Trying to tackle solid mechanics are we?

First let me clear up a bit of your confusion regarding various concepts of Newtonian mechanics:

I have inertia and force(torque) in terms of x y z.

Inertia is not a tuple (x,y,z), it is in fact a 3x3 matrix but in the case of a simple box, calculating said matrix within the set of coordinates naturally associated with the box yields a diagonal matrix (i.e. whose only non-zero entries are on the diagonal,so there are 3).

The pdf you linked to gives Ix, Iy and Iz which are the three non-zero entries of the inertia matrix I (but I'm going to call it J because I is often used for the identity matrix). But if J had been calculated relative to a randomly chosen set of coordinates (if the axes in the pictures to the right of the table in the pdf hadn't been in these positions priviledging the geometry of the solid shapes in question) then the matrix J would have been much more complex and, in addition to Ix, Iy and Iz there would have been three other real numbers necessary to define inertia: Ixy = Iyx, Ixz = Izx and Iyz = Izy. Three additional numbers only and not six because J is symmetric.

I don't know what Vec3 innertia(..., ..., ...)); was supposed to mean, but if inertia is going to be a vector, then you'd better make sure your solids always have nice symmetries and invariances with respect to the axes of your axis system.
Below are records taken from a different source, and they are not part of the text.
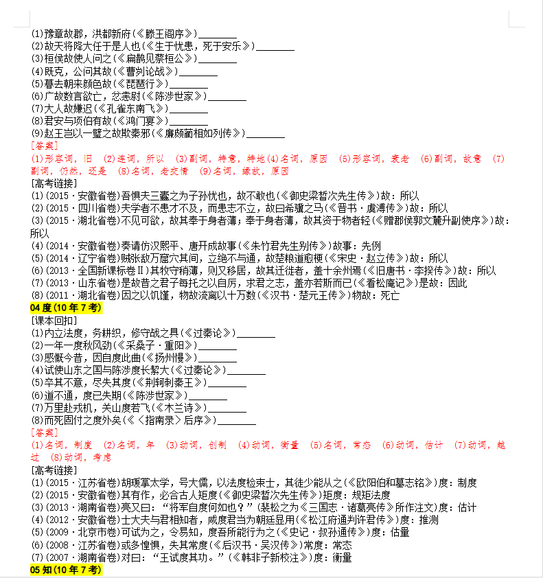 2026版高中【近10年高考·最常考的40个文言实词】(汇总)高考语文
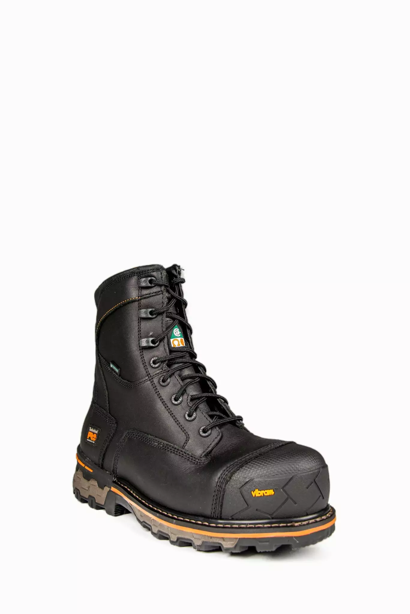 Timberland PRO® Boondock men’s lace-up waterproof work boots take on any job site with composite safety toes, anti-fatigue footbeds and 200 grams of Thermolite™ insulation to keep you warm and dry.
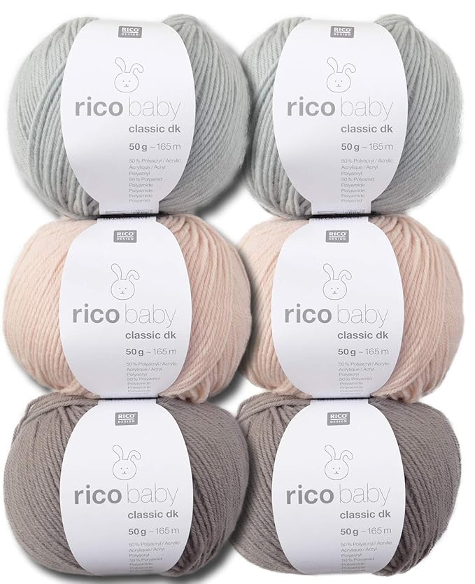 Babywolle Rico Design Set: 6 x 50 g = 300g Babywolle Rico Baby Classic Lauflänge je 50 g = ca. 165 m Materialverbrauch Pullover Größe 74/80 ca. 150g Nadelstärke: 3,5 - 4 mm, pflegeleicht, waschmaschinengeeignet Material: 50% Polyacryl / 50% Polyamid
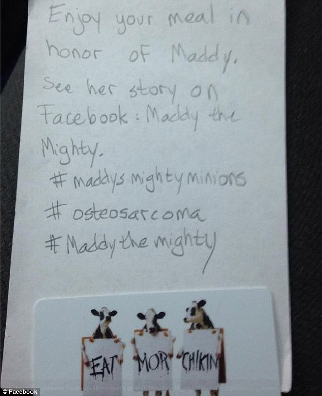'I paid for the car behind me in the drive thru this morning. Your spirit is in the Houston, TX area, Maddy, as we spread your kindness. My daughter is the same age as you and also fought osteosarcoma. May your family be comforted,' wrote Jennifer E.
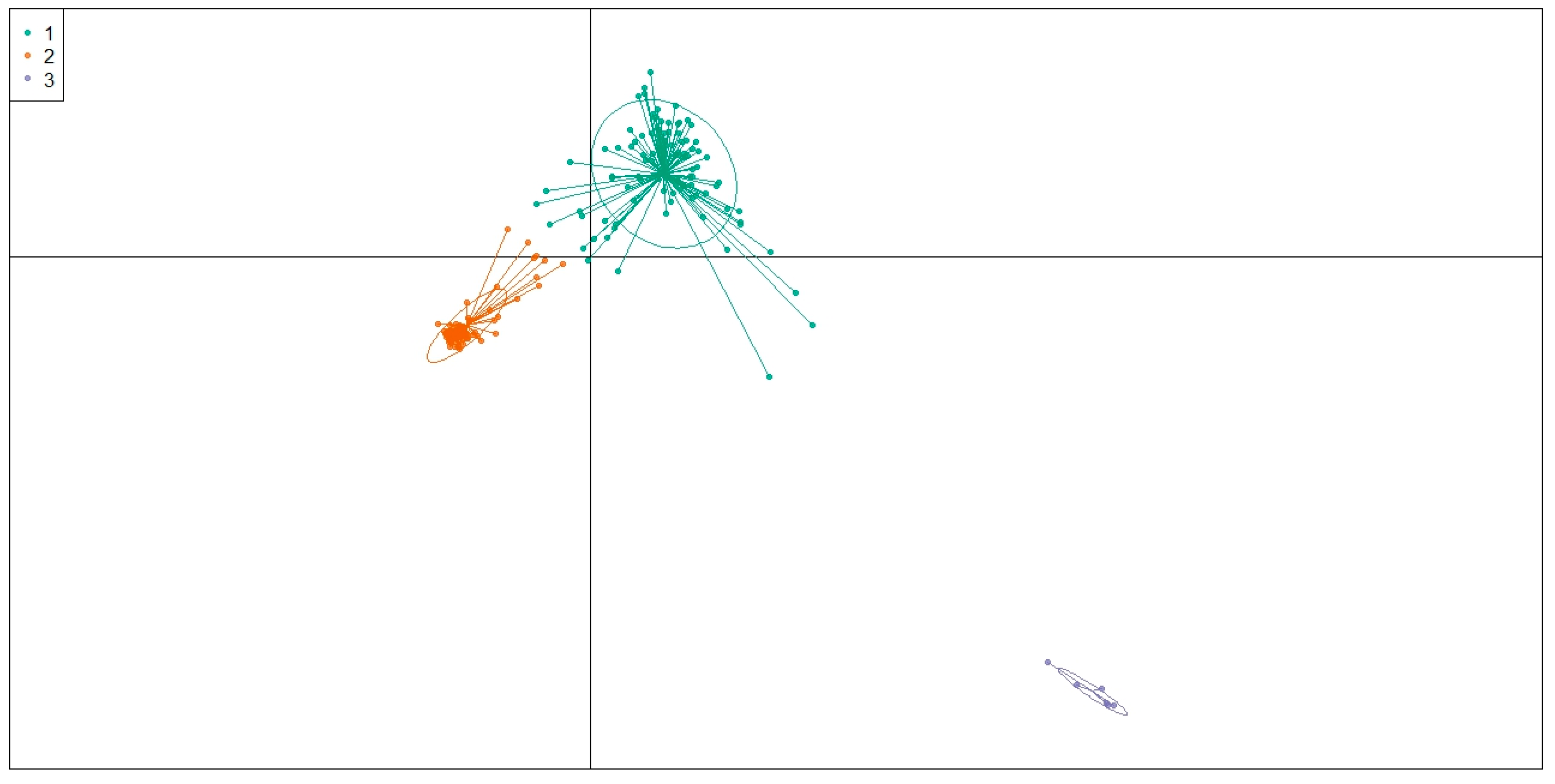 - Jombart, T.; Devillard, S.; Balloux, F. Discriminant analysis of principal components: A new method for the analysis of genetically structured populations. BMC Genet. 2010, 11, 94. [Google Scholar] [CrossRef]
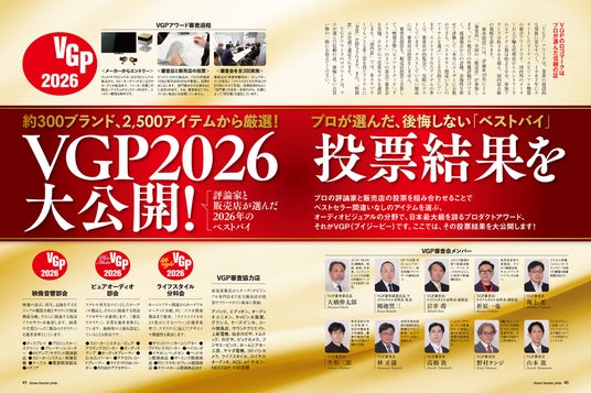 プロの視点で優れたオーディオビジュアル機器を選定するアワード「VGP2026」。エントリーされた300ブランド2500アイテムの中から、オーディオビジュアルの評論家と販売店が選び抜いた受賞製品を一挙に掲載。プロの評論家がそれぞれの視点で選考した投票の結果も大公開、各受賞モデルの優位性がわかりやすく網羅されています。
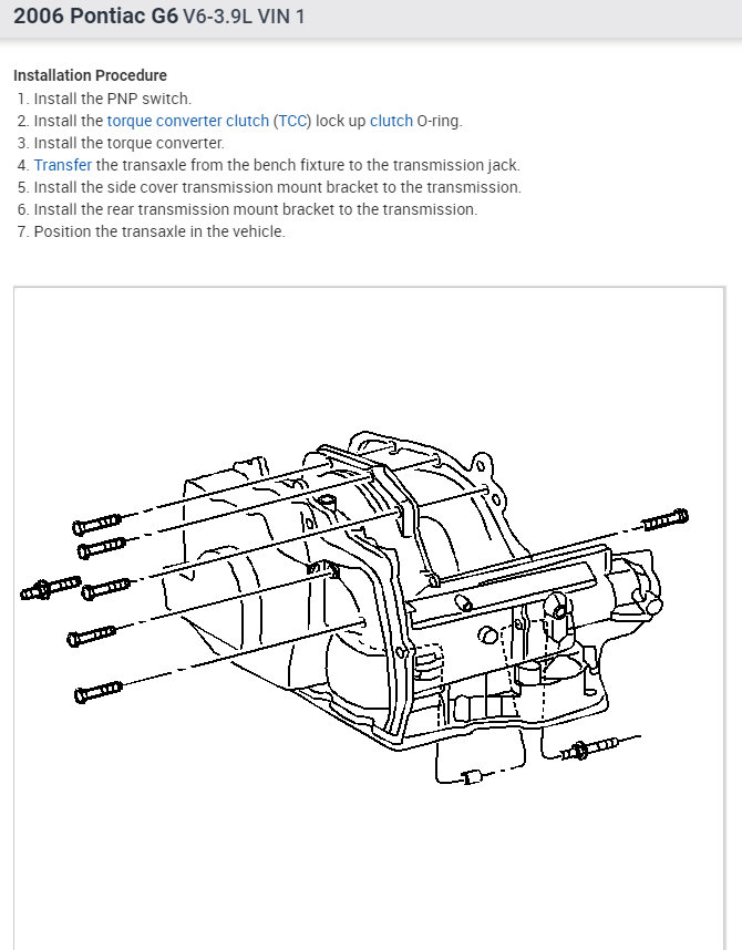 See attached for the transmission replacement procedure, for the 4T45-E transmission.
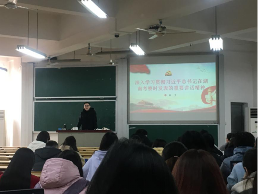 周斌以“学习贯彻总书记在湖南考察时发表的重要讲话精神”为题,重点阐述了习近平总书记在湖南考察的基本概况、听取工作汇报后发表的重要讲话以及考察调研 韩漫 的重要讲话精神。同时,他通过开展知识问答小游戏、发放精美小礼物的方式,进一步增强了同学们的学习趣味性。
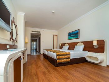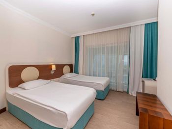 Хороший номер, вкусно кормят по сравнению с другими недорогими 5*. Очень хороший бассейн и красивая, но маленькая территория. Пляж по меркам Кемера хороший, в 5 минутах от отеля.
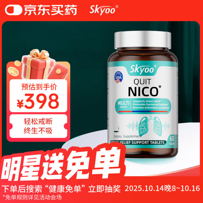 Skyoo美国品牌肺部清道夫戒烟片清肺吸烟者养肺吸烟替代轻松戒断 1瓶装
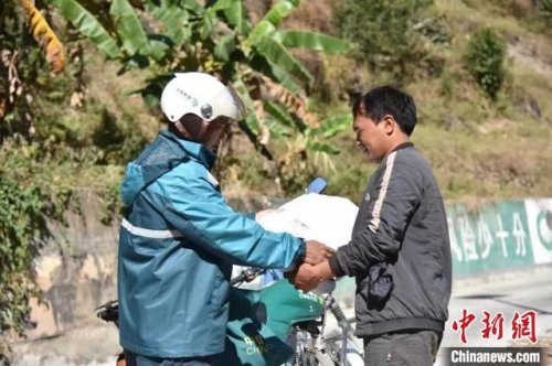 圖為桑南才給收件人送件。桑南才供圖
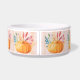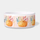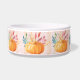 Eine personalisierte Schüssel mit gestreiftem Hintergrund in Rosa und Gold. Ein wiederholtes Bild eines orangefarbenen Kürbchens mit bunten Blätter.

Classical mechanics tells us that J.(dω/dt) = T where T is the torque, ω is the angular velocity and dt is a small amount of time (your timestep). Both are vectors. To get only , i.e. the small amount of angular velocity that you will add to your current angular velocity, you need to multiply both sides of the equation by the inverse of J and then by dt:

box._angVelo += dt * inverse(J) * T;

If you are sure that J will always be a diagonal matrix then you can avoid calculating a matrix inverse, store the three real numbers making up J in a vector instead, like you did, and use a weird component-wise "vector division" which I guess is what you originally wanted to do with forceAng/innertia, and it will work. But it will harm the realism of the physics of many solids that aren't shaped in a an axes-friendly way.

Next:

Don't I need angle/sec or radian/sec sort of values in order to apply rotation? The x y z values I have seemed to not say anything about radians or angular movement.

Angular velocity is, conceptually, the first derivative of some kind of "orientation", that is to say, it is the amount by which this orientation varies with respect to time. The angular velocity's components are indeed in radians per second. Ideally, you'd like to be able to multiply the angular velocity of a solid with a timestep dt and get a small variation of some kind of "orientation vector" which you could then add to the current orientation vector, pretty much like you did with velocity and position. But it isn't that easy.

What we call an "orientation" is in fact a rotation operation. Asking "How is my solid orientated?" in fact amounts to asking "What rotation should I apply to my solid so that its orientation is the one I want?".

There are three ways to encode rotations:

  • A rotation can be defined as a vector, or a tuple of three real numbers representing axis and angle, but only at the price of relatively heavy computation can we use this formalism to compute a rotated vector.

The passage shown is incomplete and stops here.